Why is this so fascinating (to me at least)? Because here,in the very uterus of biologic determinism, the environment (how much of each type of synonymous tRNA is around) rears its head. Forests have been felled for papers on the heredity vs. environment question. Just as American GIs wrote “Kilroy was here” everywhere they went in WWII, here’s the environment popping up where no one thought it would.

In addition the implications for protein function, if this is a widespread phenomenon, are simply staggering.

Molecular Biology Survival Guide for Chemists — V: The Ribosome

The ribosome is where the rubber meets the road (in the protein-centric view of the cell).  It is a monstrously large molecular machine 200 – 300 Angstroms in diameter.  Remember that the diameter of the double helix is only 20 Angstroms.   It takes messenger RNA (mRNA) and, using it as a code translates the sequence of nucleotides into a sequence of amino acids (e.g. a protein).  Get a copy of the 16 December ’11 issue of Science, and stare at the cover for a while.  It’s a picture of the eukaryotic (yeast) ribosome in all its glory. The details are to be found [ Science vol. 334 pp. 1524 – 1539 ’11 ].  If you have an issue hanging around. around also look at pp. 1509 – 1510, as some ribosomal background is required before a post on that subject.

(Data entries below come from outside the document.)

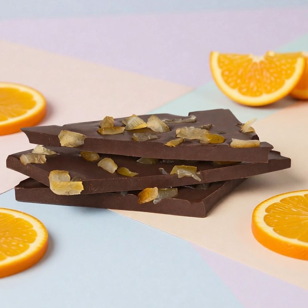 Горький шоколад с цукатами апельсиновых корочек (ломаный)
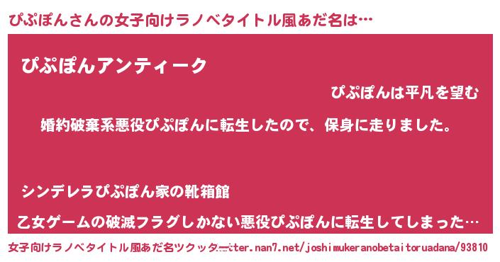 | 男性向けラノベタイトル風あだ名 | 『ピプポンスレイヤー』 |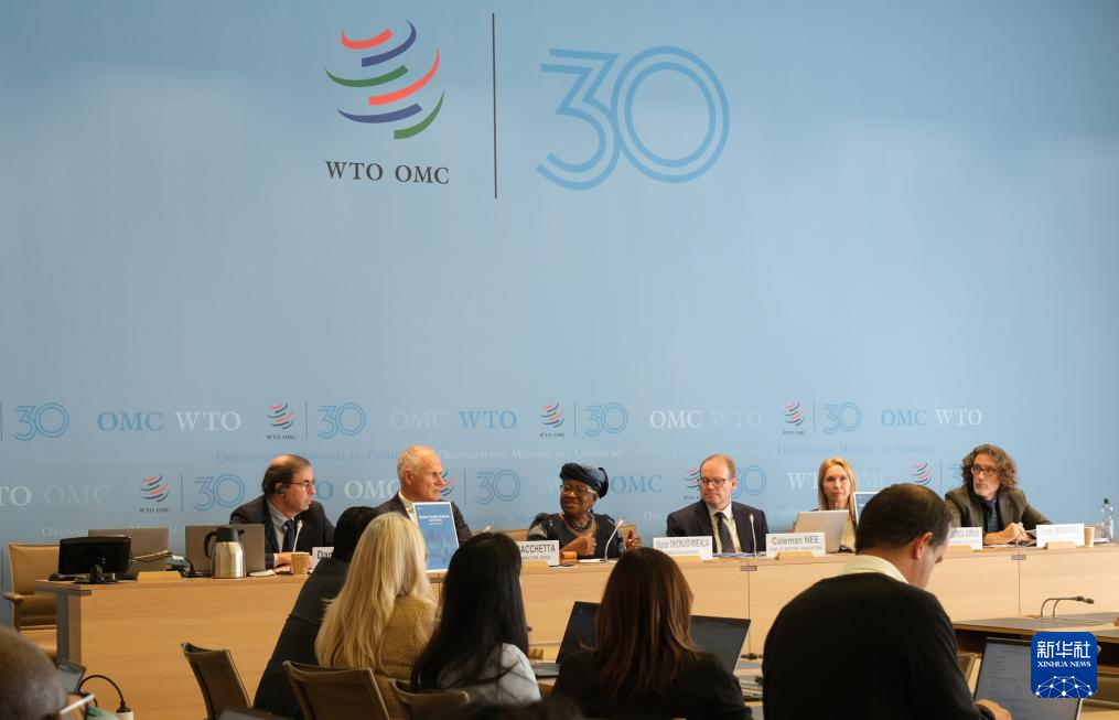 10月7日,在瑞士日內(nèi)瓦世界貿(mào)易組織總部,世貿(mào)組織總干事伊維拉(后左三)在新聞發(fā)布會上講話。新華社記者 馬汝軒 攝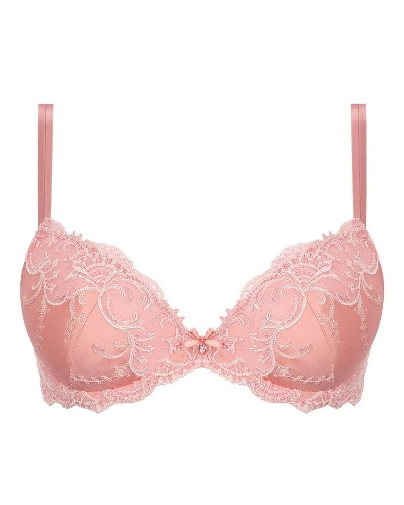 Le soutien-gorge coque de Lise Charmel procure une poitrine galbée et arrondie. Les bonnets en satin de soie sont incrustés d’une broderie sur tulle. Un délicat nœud de satin accompagné de son bijou strass Swarovski sont situés à l’entre-seins, pour plus de sensualité et de glamour. Coques progressives pour les bonnets A et B, coque light pour les bonnets C et D.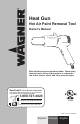 Heat Gun Hot Air Paint Removal Tool Owner’s Manual Read all instructions and product labels. When using electrical tools, follow all precautions to reduce the risk of fire, electric shock, and other personal injury. Need help? Call us first for answers fast. Call Wagner toll-free if you have any comments or problems with this Wagner product. 1-800-727-4023 Wagner Technical Service Register your product online at: http://www.wagnerspraytech.

The article gives the structure of the Saccharomyces cerevisiae ribosome at 3 Angstroms resolution.  Quite a feat.  It comes in two parts, a large subunit which sediments at 60 Svedberg units, and a ‘small’ one at 40S.

The large subunit contains 3 RNA molecules and 46 proteins, the small one contains 1 RNA and 33 proteins.  Total molecular mass is around 2.5 megadaltons.  It’s maddening, but I can’t seem to find out just how many nucleotides our ribosomal RNAs (rRNAs) contain in toto.  It is well over 5,000 however.   So the number of atoms in the RNAs alone is over 200,000.  There must be many more atoms than that contained in the associated proteins, as the phosphates have a mass of 98, the ribose 115, the pyrmidines around 100.  So they don’t account for more than 40% of the total ribosomal mass.  If anyone can give me exact numbers, I’ll update this.

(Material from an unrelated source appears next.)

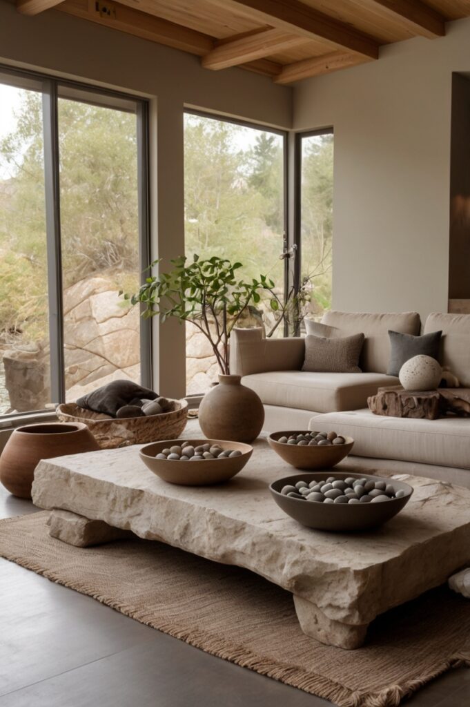People forget how powerful the simplest objects are. A shallow bowl filled with river stones or pebbles collected on walks makes the room hum with nature. Stones don’t do anything, yet their stillness has presence.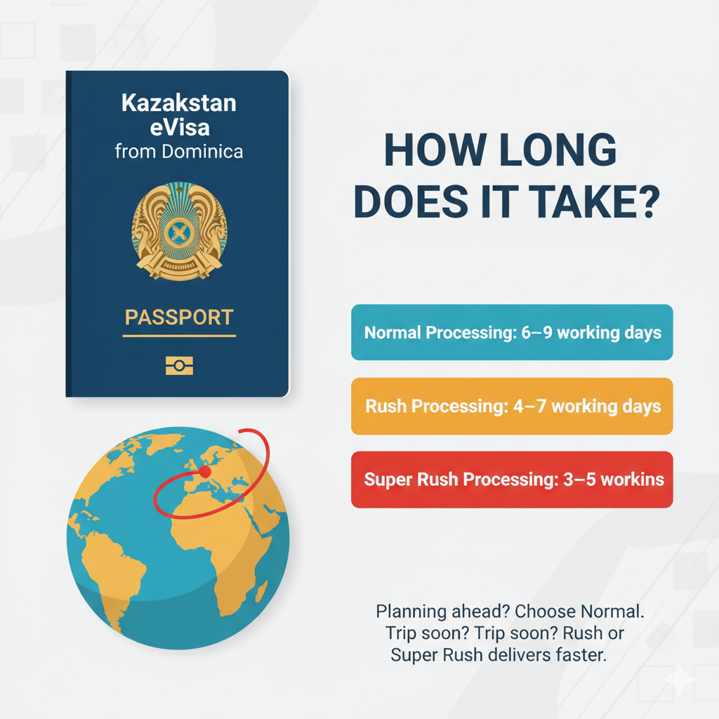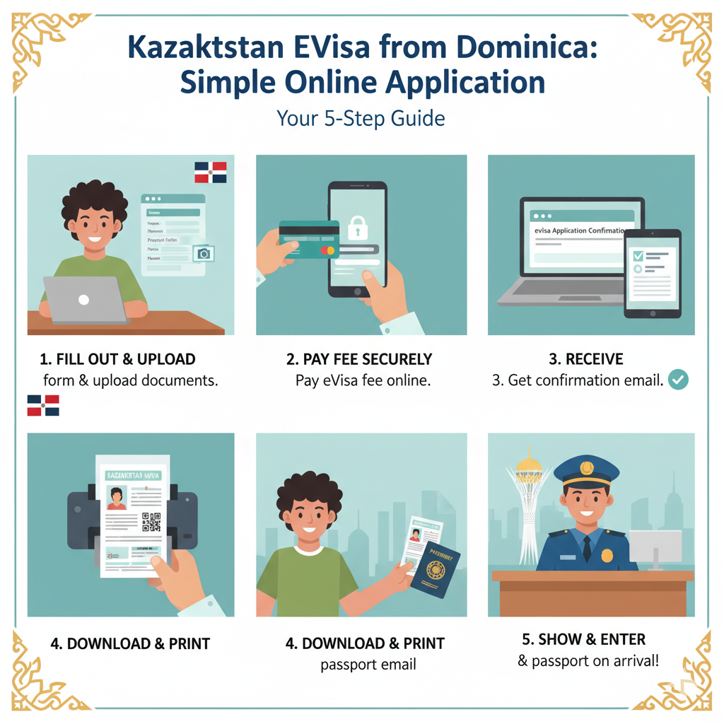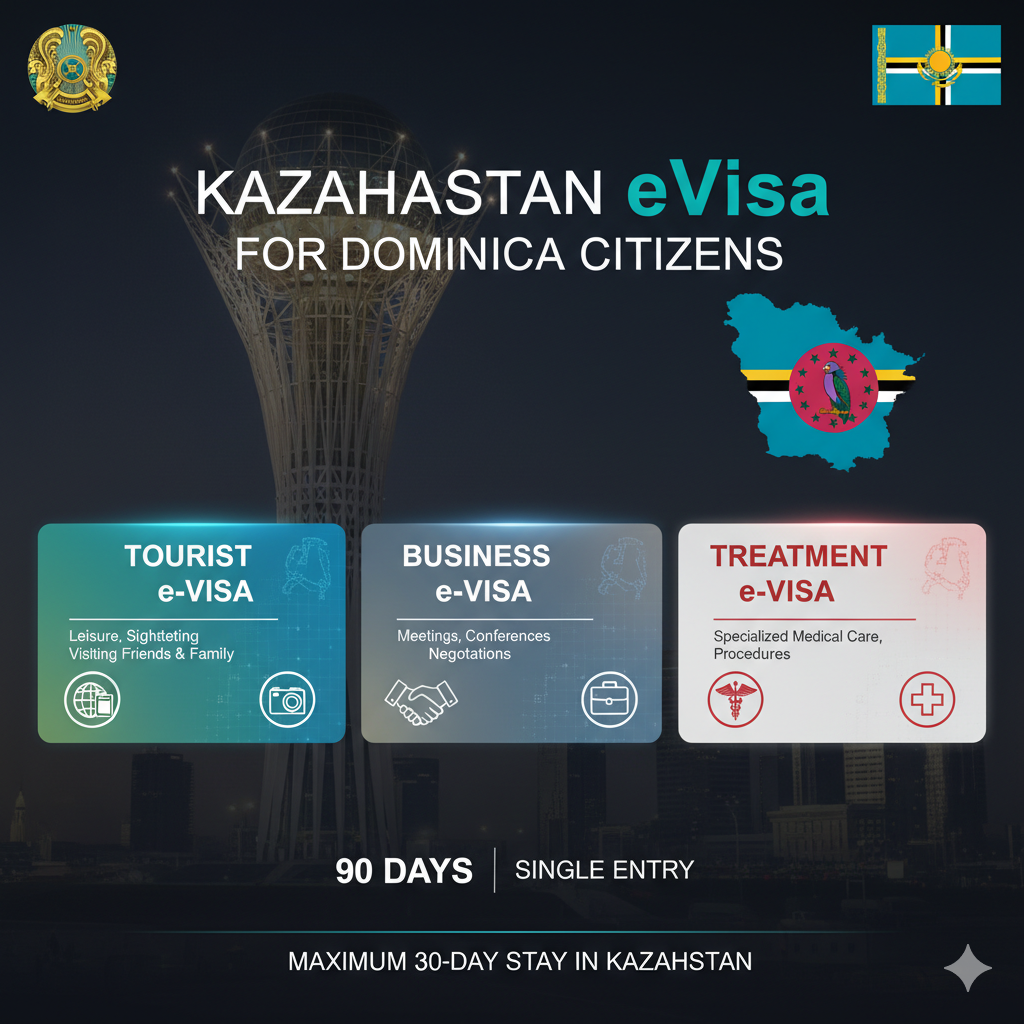 Traveling from Dominica to Kazakhstan might sound like a faraway dream, but with the Kazakhstan eVisa, itâs easier than ever to make that trip a reality. Forget about paperwork, long waiting lines, or confusing procedures â now, Dominica citizens can apply online, get approval by email, and land in Kazakhstan with confidence.

The actual catalysis is not accomplished by the 79 proteins, but by the RNAs themselves.  This is thought to be a living relic of an RNA world where life actually began.  The proteins are mostly found on the surface of the ribosome.

There are a gigantic number of things to say about the ribosome, but I’m just going to put in the facts needed so pure chemist types can read other posts. This post will be expanded as necessary when further background is needed.

Amino acids are linked together (the rate is only 2 – 6 per second) by the beast. This is OK as the average cell has over 10 million ribosomes (neurons probably have more).  The article above notes that most of the changes between the ribosome of bacteria and that of celled organisms (eukaryotes) make our ribosomes bigger.  The proteins are bigger, the rRNAs are longer.

The actual synthesis of proteins takes place deep in the center of the ribosome, where the two subunits come together.  How does the protein get out?  It is extruded (like sausage) through the exit tunnel, which is 100 Angstroms long in the E. Coli ribosome, where it’s diameter varies between 10 to 20 Angstroms.  Since the alpha helix is 11 Angstroms wide, this means that little if any other secondary structures (beta turns, beta sheets) and no tertiary structure at all can form within it.  It’s probably longer (and possibly wider) in our ribosomes.